Hurricane Empire
Puerto Rico’s devastation by Hurricane Maria was a man-made disaster, rooted in American empire.

A US Customs and Border Patrol agent on a search and rescue mission in central Puerto Rico in the aftermath of Hurricane Maria.
September, peak hurricane season, is over, and with its passage everyone in Puerto Rico can exhale with some measure of relief that this year, at least, didn’t see any hurricanes make landfall on the island like the devastating Hurricanes Irma and Maria of last September.

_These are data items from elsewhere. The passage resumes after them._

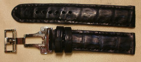 네이비 컬러 악어 가죽으로 제작한 핸드메이드 리얼 악어 가죽 시계줄입니다.(마디샤가죽공예)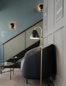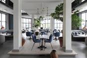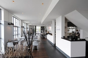 Interiør af restauranternes modtagelse med trappe til 1. sal.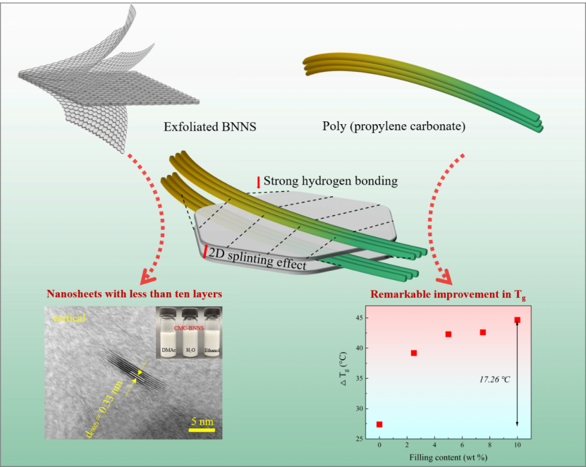 在高分子材料耐热改性方面,填充无机填料限制高分子基体分子链运动是一种有效的方法。江学良教授课题组首次将羧甲基纤维素钠(CMC-Na)用于六角氮化硼(h-BN)的剥离和功能化,通过剥离后氮化硼纳米片(BNNS)层与层之间的“夹板效应”来限制PPC分子链段运动的方法,所制备的PPC/CMC-BNNS复合材料不仅具有优异的耐热性,而且具有更好的导热性和热稳定性。当BNNS填充量为10wt%时,可使PPC复合材料的玻璃化温度提升至39.19˚C,极大提高了PPC耐热应用范围。这项工作为可生物降解聚合物的二维材料剥离和耐热改性提供了一条新途径。
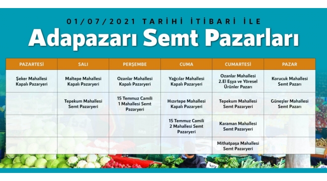 Bu doğrultuda 1 Temmuz tarihinden sonra hizmet verecek olan pazar yerleri şu şekilde: Pazartesi: Şeker Mahallesi Kapalı Pazar Yeri, Salı: Maltepe Mahallesi Kapalı Pazar Yeri. Perşembe: Ozanlar Mahallesi Kapalı Pazar Yeri, 15 Temmuz Camili 1 Mahallesi Semt Pazar Yeri Cuma: Yağcılar Mahallesi Kapalı Pazar Yeri, Hızırtepe Mahallesi Kapalı Pazar Yeri, 15 Temmuz Camili 2 Mahallesi Semt Pazar Yeri. Cumartesi: Tepekum Mahallesi Semt Pazar Yeri, Ozanlar Mahallesi 2. El Eşya ve Köy Ürünleri Pazarı, Karaman Mahallesi Semt Pazar Yeri, Mithatpaşa Mahallesi Semt Pazar Yeri, Pazar: Korucuk Mahallesi Semt Pazarı ve Güneşler Mahallesi Semt Pazarı.

It has taken a full year of struggle for the people of Puerto Rico to gain some level of national recognition of the depth of devastation wrought by last year’s hurricanes. Only after a May 2018 report from Harvard estimated almost three thousand deaths from Maria and its after-effects did the government of Puerto Rico — which for almost a year clung to the early claim of only sixty-four deaths — publicly accept the scale of the hurricane’s toll in lives.
The reluctance to acknowledge such large-scale human death is criminal. But with this September’s reprieve from more hurricanes, it is a good time to situate the problems of government emergency response to tropical storms within a much broader set of problems of rule and sovereignty on the island. Beyond the feckless disaster relief effort staged by the U.S. government, the more pernicious crimes committed against Puerto Rico are the decades of economic and political exploitation that made the island a place where tropical storms could so lethally crash the entire social infrastructure and leave $123 billion of crushing indebtedness on its people.